TASK DESCRIPTION: Transcribe all of the data exactly. Omit the pictures.
☆ ☆ ☆ ☆ ☆ ☆ ☆
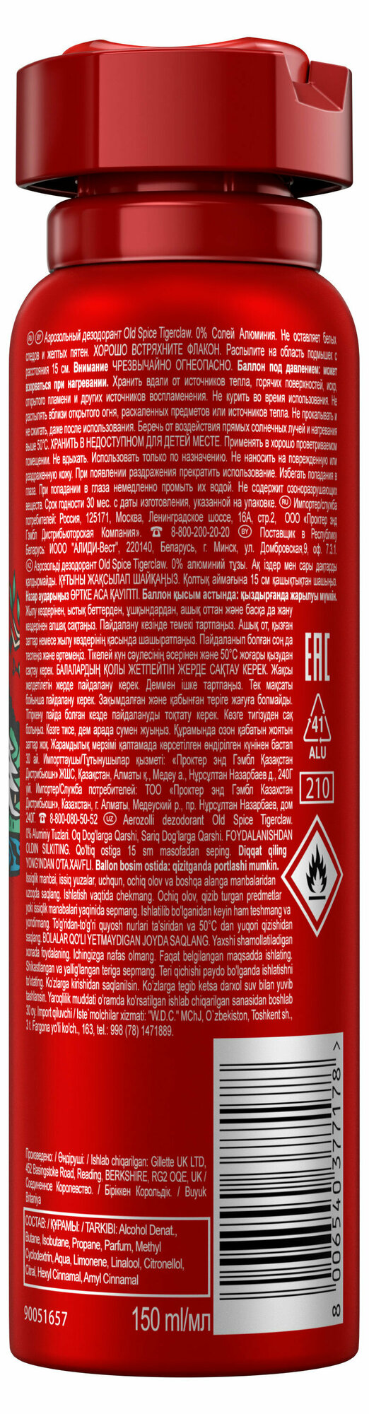 OLD SPICE мужской аэрозольный дезодорант Tiger Claw 150мл
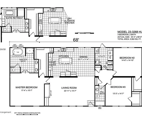 This spacious 2,062 sq. ft. double wide features a custom kitchen with optional island, an open living room with fireplace option, and a large utility room. The master suite includes a walk-in closet and deluxe bath with dual sinks, garden tub, and separate shower.
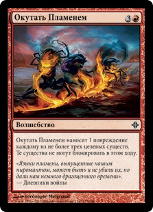 | Rules | Wrap in Flames deals 1 damage to each of up to three target creatures. Those creatures can't block this turn. |
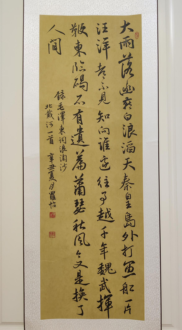 “大雨落幽燕,白浪滔天,秦皇島外打魚船。一片汪洋都不見,知向誰邊?往事越千年,魏武揮鞭,東臨碣石有遺篇。蕭瑟秋風今又是,換了人間。”機關黨支部黨員代表、臺州市書法家協會會員羅怡同志通過書法的藝術表現形式,以真摯的情感、精湛的技藝,傳遞對黨心聲,緬懷激情歲月,展望美好未來。
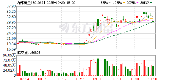 具体来看,今日上榜的营业部中,沪股通为第一大买入营业部及第一大卖出营业部,买入金额为 7485.29万元,卖出金额为1.09亿元,合计净卖出3372.35万元。 资金流向方面,今日该股主力资金净流出9961.66万元,其中,特大单净流出7803.11万元,大单资金净 流出2158.55万元。近5日主力资金净流出3.34亿元。 融资融券数据显示,该股最新(10月17日)两融余额为3.98亿元,其中,融资余额为3.95亿元,融券余 额为320.29万元。近5日融资余额合计减少854.23万元,降幅为2.12%。融券余额合计增加101.95万元, 增幅46.69%。 西部黄金(601069)今日下跌9.80%,全天换手率5.19%,成交额14.01亿元,振幅4.54%。龙虎榜数据显 示,沪股通净卖出3372.35万元,营业部席位合计净卖出3124.92万元。 上交所公开信息显示,当日该股因日跌幅偏离值达-10.43%上榜,沪股通净卖出3372.35万元。 证券时报·数据宝统计显示,上榜的前五大买卖营业部合计成交3.94亿元,其中,买入成交额为1.64亿 元,卖出成交额为2.29亿元,合计净卖出6497.27万元。 ...
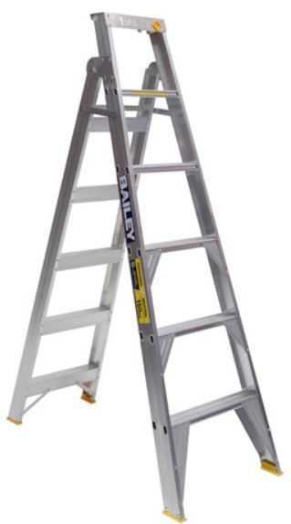 Quicklatch: Converts from a straight ladder back to a stepladder with the press of a button Punchlock tread design and deep fascia top caps increase torsional rigidity of the overall ladder frames Industrial Duty Rated. Designed for use on industrial work sites 150kg load rating Strong, aluminium construction Easily converts from a stepladder to a single ladder, automatically latches into position Slightly tapered back legs provide added stability when used as a stepladder Anti-slip feet for added safety and stability Made to Australian and New Zealand Standards AS/NZS 1892.1
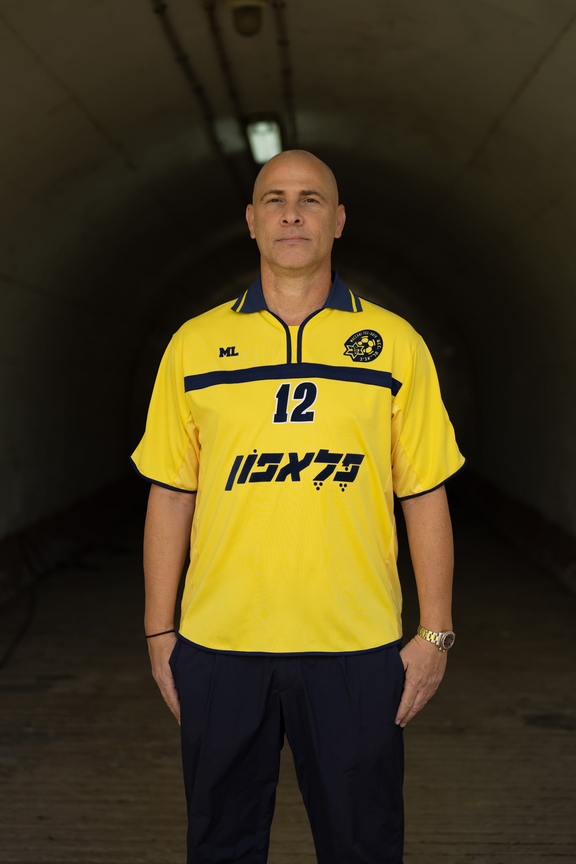 חולצת רטרו צהובה של עונה 2000/01 עם לוגו מכבי הישן והספרה 12 של שחקן הקבוצה מני לוי בחזית וגב החולצה.
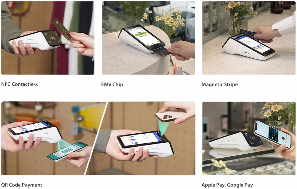 The A800 supports multiple payment methods, including EMV chip and PIN, magnetic stripe (MSR), NFC/contactless payments, and mobile wallets, accommodating many customer preferences.
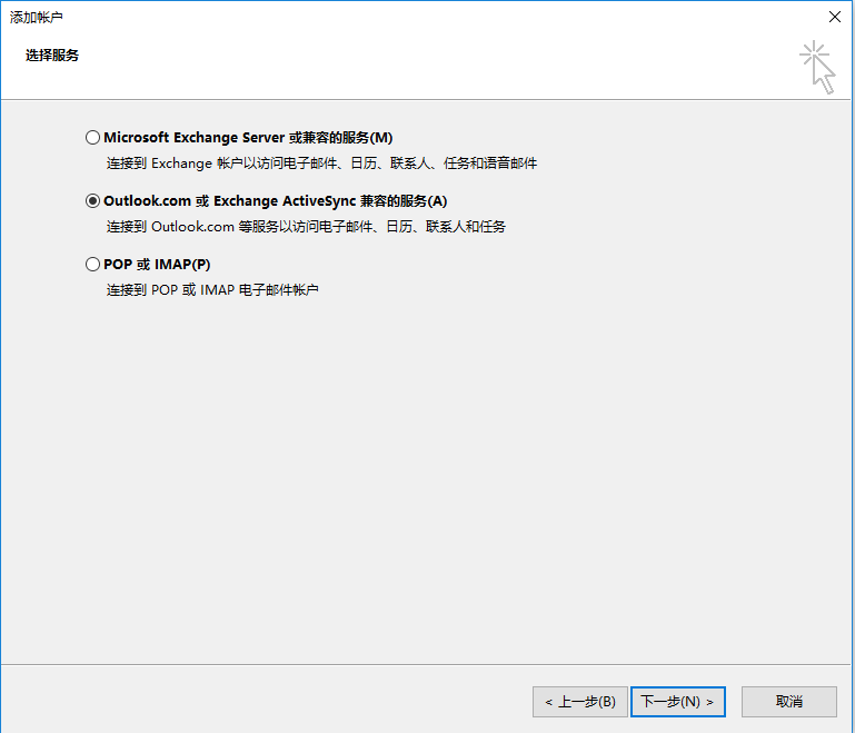 2.选择服务。选择outlook.com或Exchange ActiveSync兼容服务(A)
☆ ☆ ☆ ☆ ☆ ☆ ☆
EXERCISE ANSWER:
 OLD SPICE мужской аэрозольный дезодорант Tiger Claw 150мл
 This spacious 2,062 sq. ft. double wide features a custom kitchen with optional island, an open living room with fireplace option, and a large utility room. The master suite includes a walk-in closet and deluxe bath with dual sinks, garden tub, and separate shower.
 | Rules | Wrap in Flames deals 1 damage to each of up to three target creatures. Those creatures can't block this turn. |
 “大雨落幽燕,白浪滔天,秦皇島外打魚船。一片汪洋都不見,知向誰邊?往事越千年,魏武揮鞭,東臨碣石有遺篇。蕭瑟秋風今又是,換了人間。”機關黨支部黨員代表、臺州市書法家協會會員羅怡同志通過書法的藝術表現形式,以真摯的情感、精湛的技藝,傳遞對黨心聲,緬懷激情歲月,展望美好未來。
 具体来看,今日上榜的营业部中,沪股通为第一大买入营业部及第一大卖出营业部,买入金额为 7485.29万元,卖出金额为1.09亿元,合计净卖出3372.35万元。 资金流向方面,今日该股主力资金净流出9961.66万元,其中,特大单净流出7803.11万元,大单资金净 流出2158.55万元。近5日主力资金净流出3.34亿元。 融资融券数据显示,该股最新(10月17日)两融余额为3.98亿元,其中,融资余额为3.95亿元,融券余 额为320.29万元。近5日融资余额合计减少854.23万元,降幅为2.12%。融券余额合计增加101.95万元, 增幅46.69%。 西部黄金(601069)今日下跌9.80%,全天换手率5.19%,成交额14.01亿元,振幅4.54%。龙虎榜数据显 示,沪股通净卖出3372.35万元,营业部席位合计净卖出3124.92万元。 上交所公开信息显示,当日该股因日跌幅偏离值达-10.43%上榜,沪股通净卖出3372.35万元。 证券时报·数据宝统计显示,上榜的前五大买卖营业部合计成交3.94亿元,其中,买入成交额为1.64亿 元,卖出成交额为2.29亿元,合计净卖出6497.27万元。 ...
 Quicklatch: Converts from a straight ladder back to a stepladder with the press of a button Punchlock tread design and deep fascia top caps increase torsional rigidity of the overall ladder frames Industrial Duty Rated. Designed for use on industrial work sites 150kg load rating Strong, aluminium construction Easily converts from a stepladder to a single ladder, automatically latches into position Slightly tapered back legs provide added stability when used as a stepladder Anti-slip feet for added safety and stability Made to Australian and New Zealand Standards AS/NZS 1892.1
 חולצת רטרו צהובה של עונה 2000/01 עם לוגו מכבי הישן והספרה 12 של שחקן הקבוצה מני לוי בחזית וגב החולצה.
 The A800 supports multiple payment methods, including EMV chip and PIN, magnetic stripe (MSR), NFC/contactless payments, and mobile wallets, accommodating many customer preferences.
 2.选择服务。选择outlook.com或Exchange ActiveSync兼容服务(A)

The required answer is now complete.